WHAT IS EXPECTED ▸ Write out nothing except the lines of the entries below, from the first through the one containing "Mya Simpson’s sketch", exactly and without pictures.

Collected data:
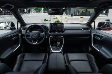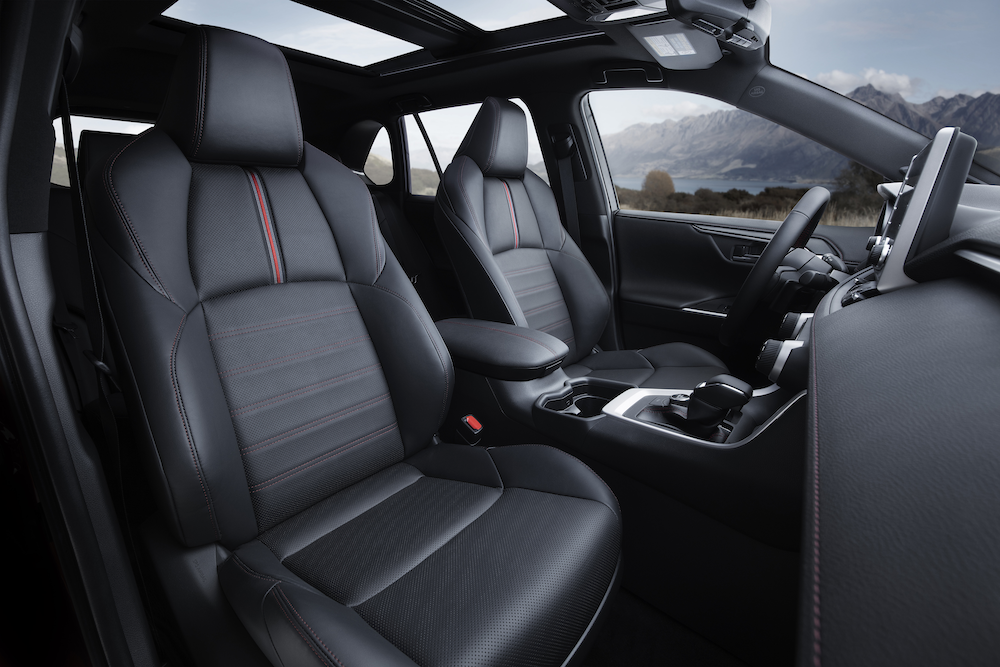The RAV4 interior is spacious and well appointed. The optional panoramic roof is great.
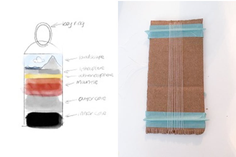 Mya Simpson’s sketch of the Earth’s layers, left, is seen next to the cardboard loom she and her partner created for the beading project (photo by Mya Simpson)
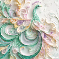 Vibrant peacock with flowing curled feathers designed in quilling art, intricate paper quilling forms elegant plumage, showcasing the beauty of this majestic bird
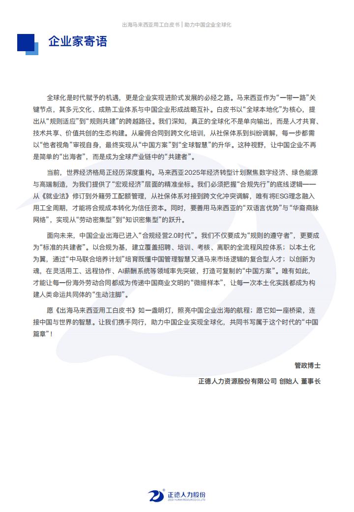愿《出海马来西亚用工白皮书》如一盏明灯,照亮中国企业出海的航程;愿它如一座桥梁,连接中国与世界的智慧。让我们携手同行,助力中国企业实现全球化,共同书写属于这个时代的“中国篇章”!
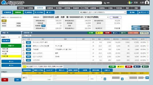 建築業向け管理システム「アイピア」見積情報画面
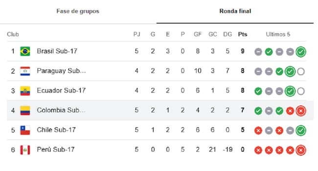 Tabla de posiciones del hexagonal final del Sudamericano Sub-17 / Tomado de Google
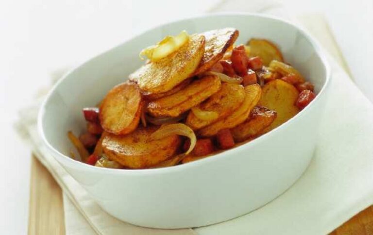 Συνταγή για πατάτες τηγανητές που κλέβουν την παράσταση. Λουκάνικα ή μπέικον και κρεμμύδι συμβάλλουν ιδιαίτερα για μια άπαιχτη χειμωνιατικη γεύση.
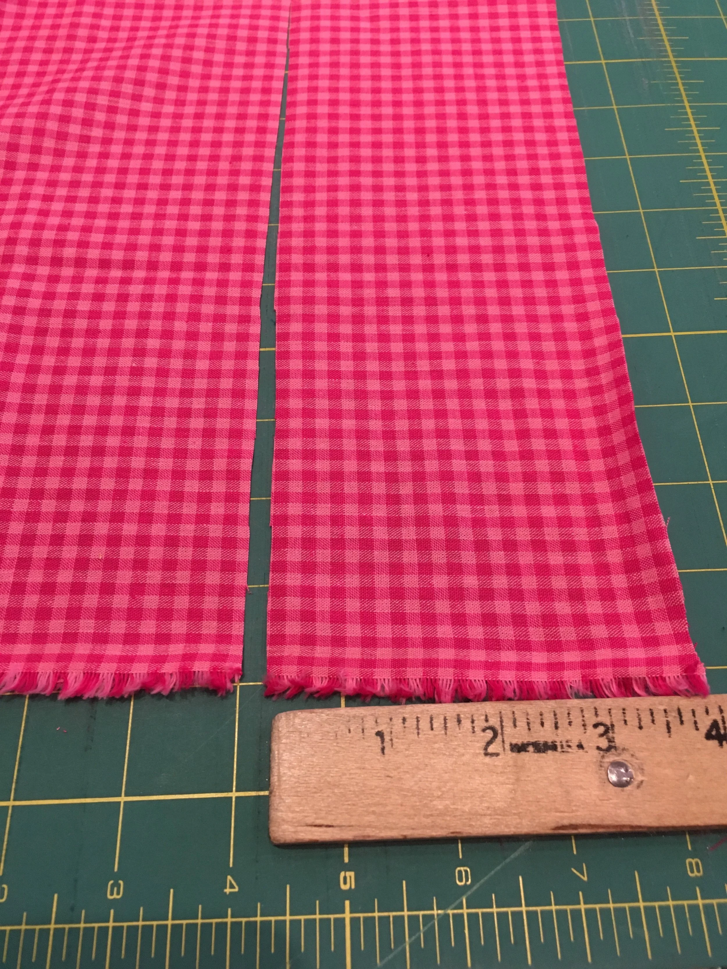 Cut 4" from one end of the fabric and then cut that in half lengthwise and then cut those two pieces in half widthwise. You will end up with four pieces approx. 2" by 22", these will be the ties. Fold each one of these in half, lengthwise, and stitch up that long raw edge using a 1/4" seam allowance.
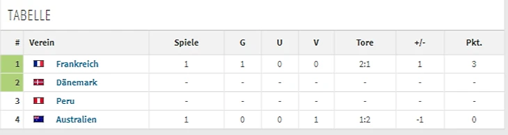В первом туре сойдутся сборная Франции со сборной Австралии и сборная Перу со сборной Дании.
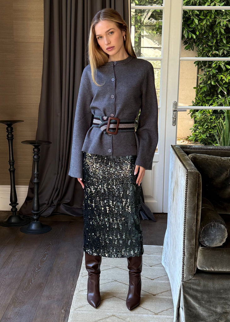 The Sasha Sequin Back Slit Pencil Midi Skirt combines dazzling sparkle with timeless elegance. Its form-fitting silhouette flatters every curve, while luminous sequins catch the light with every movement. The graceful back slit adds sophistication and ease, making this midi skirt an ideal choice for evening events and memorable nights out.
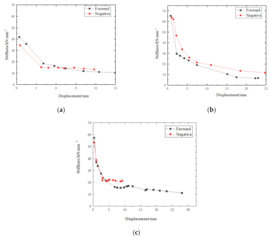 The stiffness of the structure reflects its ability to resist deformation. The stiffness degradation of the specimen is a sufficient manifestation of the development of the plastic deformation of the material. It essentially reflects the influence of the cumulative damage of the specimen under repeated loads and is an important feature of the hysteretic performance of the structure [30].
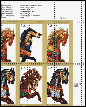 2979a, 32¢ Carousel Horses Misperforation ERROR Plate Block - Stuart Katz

RESPONSE TO THIS TASK ▸
The RAV4 interior is spacious and well appointed. The optional panoramic roof is great.
 Mya Simpson’s sketch of the Earth’s layers, left, is seen next to the cardboard loom she and her partner created for the beading project (photo by Mya Simpson)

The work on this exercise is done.